Administrative Tasks:  AI helps educators with tasks like facilitating and automating personalized messages to students, back-office tasks like grading paperwork, arranging and facilitating parent and guardian interactions, routine issue feedback, managing enrollment, courses, and HR-related topics. 

Smart Content:  AI helps digitize content like video lectures, conferences, and text book guides.  We can apply different interfaces like animations and learning content through customization for students from different grades.  AI helps create a rich learning experience by generating and providing audio and video summaries and integral lesson plans.  Without even the direct involvement of the lecturer or the teacher, a student can access extra learning material or assistance through Voice Assistants and also provide answers to very common questions easily.

Personalized Learning:  AI can monitor students’ data thoroughly, and habits, lesson plans, reminders, study guides, flash notes, frequency or revision, etc., can be easily generated.

3. Internet Operations

Spam Filters:  The email that we use in our day-to-day lives has AI that filters out spam emails sending them to spam or trash folders, letting us see the filtered content only.

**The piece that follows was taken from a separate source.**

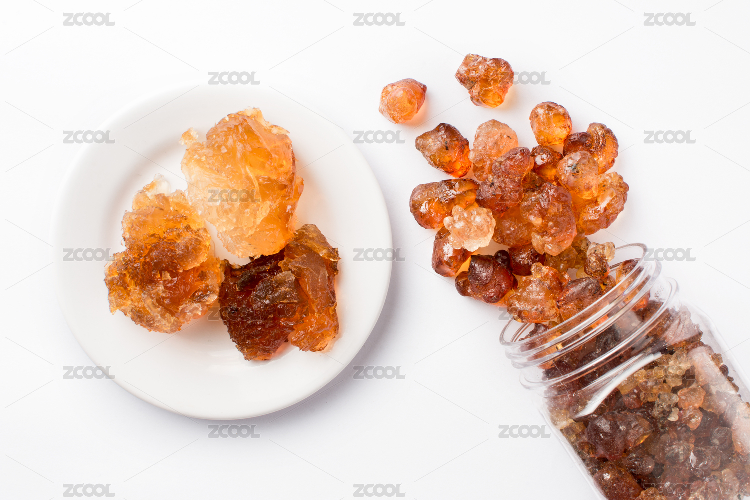 白色背景中從瓶子里面倒出來一些桃膠 美容養(yǎng)顏食材

Facial Recognition:  Our favorite devices like our phones, laptops, and PCs use facial recognition techniques by using face filters to detect and identify in order to provide secure access.  Apart from personal usage, facial recognition is a widely used AI application even in high security-related areas in several industries.

Internet Searches:  Without the help of AI, search engines like Google would not be able to deliver relevant and timely information to drive countless daily decisions.  AI figures out what search results you will see and what related topics may be relevant to help you get the “right” answers.

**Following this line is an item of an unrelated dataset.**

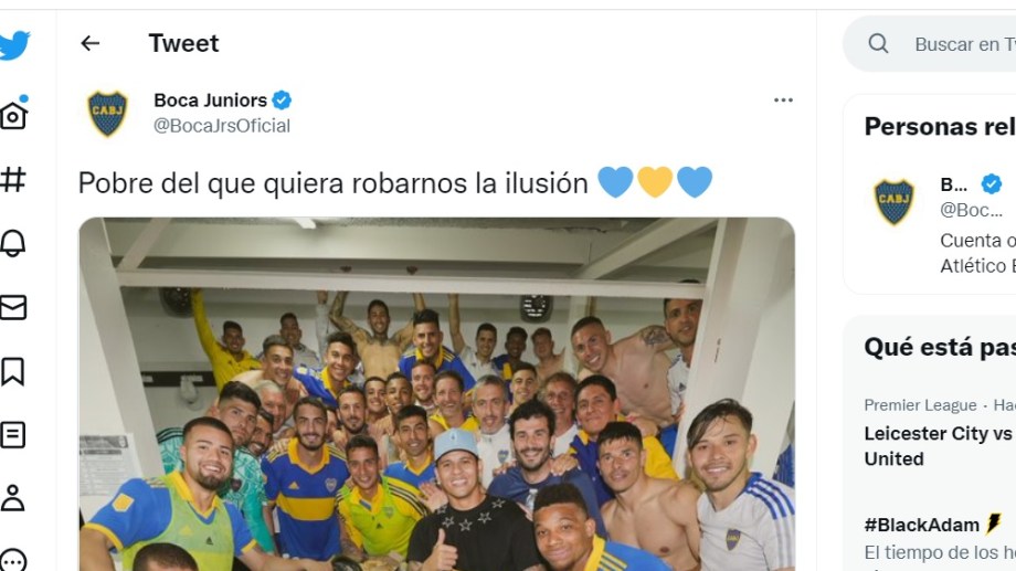 Ese mensaje fue visto por la gente que maneja las redes de Boca, ya que la foto de los festejos en el vestuario del triunfo sobre Gimnasia tuvo como epígrafe la misma frase que había usado la cuenta de Racing.

Chatbots:  AI chatbots respond to people online who use the "live chat" feature that many organizations provide for customer service.  AI chatbots are effective with the use of machine learning, and can be integrated in an array of websites and applications.

Voice Assistants:  Virtual assistants like Siri and Google Assistant use voice queries, gesture-based control (human body language), focus-tracking, and a natural-language user interface to answer questions, make recommendations, and perform actions by delegating requests to a set of Internet services.  With continued use, they adapt to users' individual language usages, searches, and preferences, returning individualized results.

 

The Siri voice assistant operates from today’s smart phones.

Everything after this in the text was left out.